→ RECORDED INFORMATION:

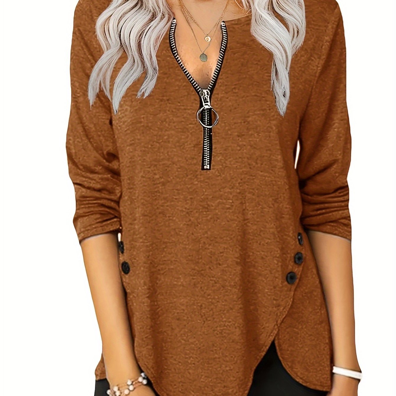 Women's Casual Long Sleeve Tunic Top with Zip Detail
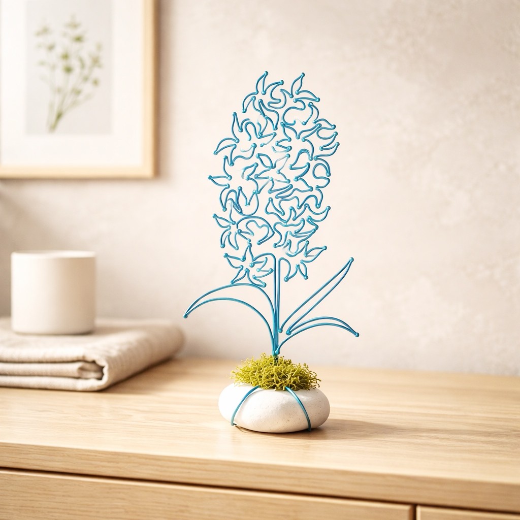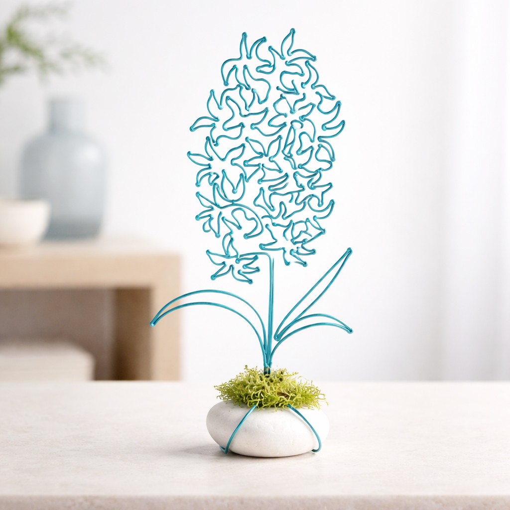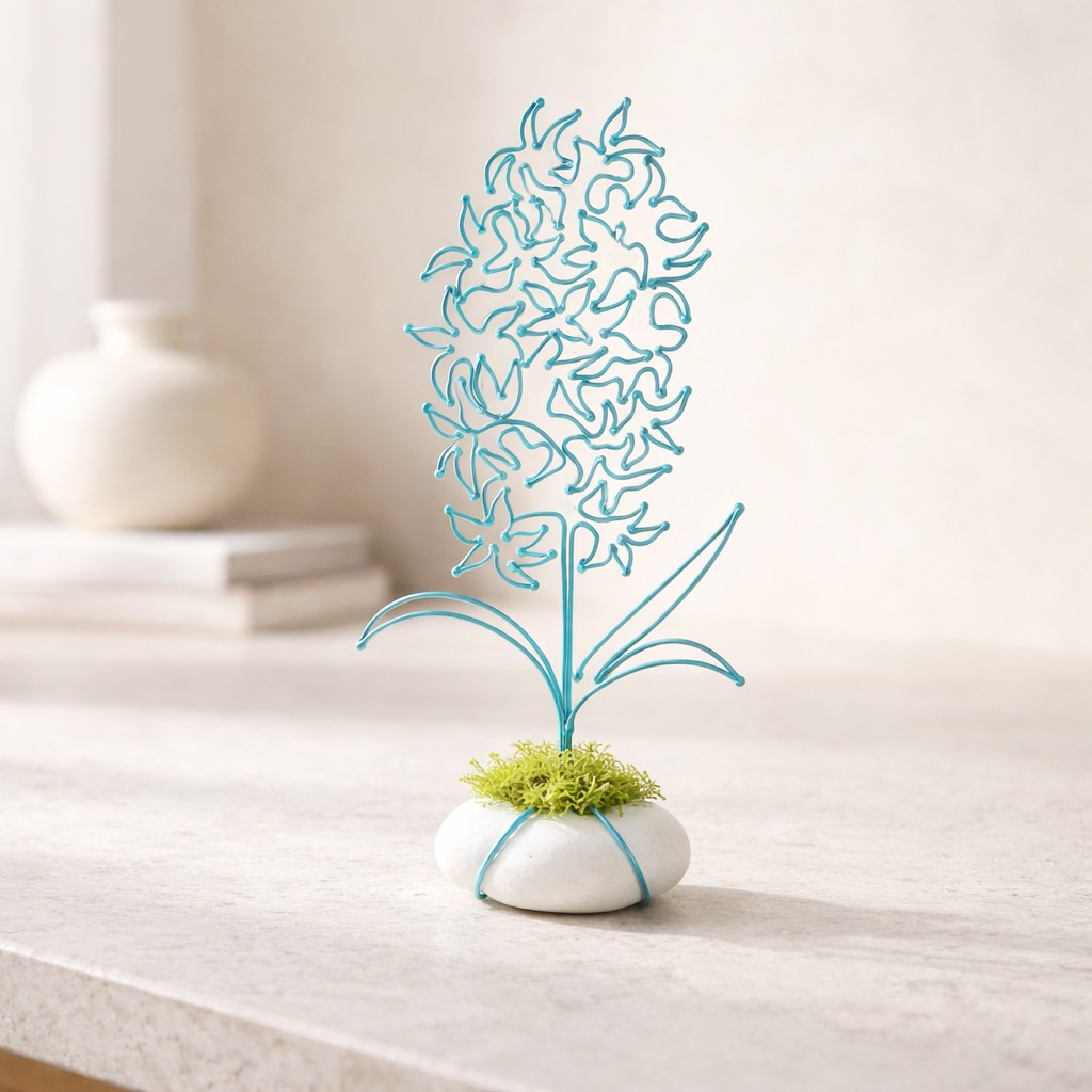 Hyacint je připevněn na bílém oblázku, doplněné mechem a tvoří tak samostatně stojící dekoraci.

==

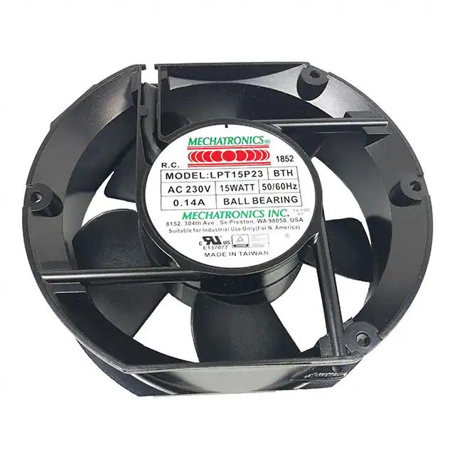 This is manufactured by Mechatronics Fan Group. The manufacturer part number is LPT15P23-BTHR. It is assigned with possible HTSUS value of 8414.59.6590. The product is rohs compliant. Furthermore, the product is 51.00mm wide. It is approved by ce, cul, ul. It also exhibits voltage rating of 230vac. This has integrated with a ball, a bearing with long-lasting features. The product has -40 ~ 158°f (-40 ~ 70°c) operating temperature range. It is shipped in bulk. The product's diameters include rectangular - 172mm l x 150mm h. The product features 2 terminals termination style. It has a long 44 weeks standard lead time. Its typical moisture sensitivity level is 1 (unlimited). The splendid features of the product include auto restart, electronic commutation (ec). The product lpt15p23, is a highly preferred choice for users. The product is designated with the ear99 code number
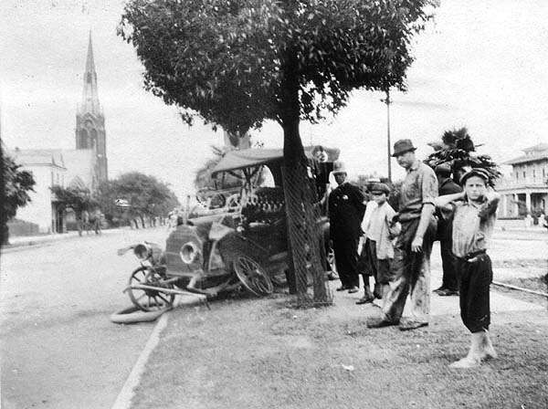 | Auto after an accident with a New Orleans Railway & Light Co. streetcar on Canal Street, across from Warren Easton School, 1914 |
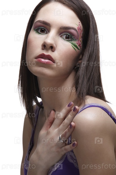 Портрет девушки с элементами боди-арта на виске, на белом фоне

→ EXERCISE GOAL: Reproduce the lines above beginning at the line that contains "School, 1914 |" and ending at the line that contains "Портрет девушки с". No pictures.

→ RESULT OF THIS EXERCISE:
 | Auto after an accident with a New Orleans Railway & Light Co. streetcar on Canal Street, across from Warren Easton School, 1914 |
 Портрет девушки с элементами боди-арта на виске, на белом фоне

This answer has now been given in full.